(The problem) Give the data again exactly, without its images.

(Information shown)
━━━━━━━━━━
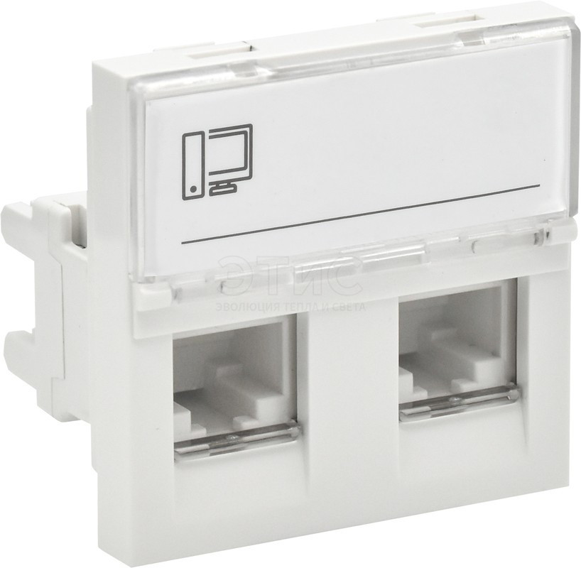 Розетка компьютерная RJ45 2 модуля 2 входа 5е белая PRIMER РКИ-22-00-П-5
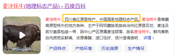 四川阿坝红原的麦洼牧场牦牛,也是中国国家地理标志产品。作为青藏高原型牦牛的地方良种之一,肉质密实鲜美,浓厚香醇,适口性好。
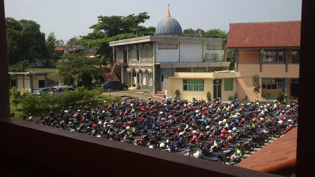 Pos Security dilihat dari balkon masjid Baitul Ilmi SMA Negeri 3 Cibinong
━━━━━━━━━━
(Finished exercise)
 Розетка компьютерная RJ45 2 модуля 2 входа 5е белая PRIMER РКИ-22-00-П-5
 四川阿坝红原的麦洼牧场牦牛,也是中国国家地理标志产品。作为青藏高原型牦牛的地方良种之一,肉质密实鲜美,浓厚香醇,适口性好。
 Pos Security dilihat dari balkon masjid Baitul Ilmi SMA Negeri 3 Cibinong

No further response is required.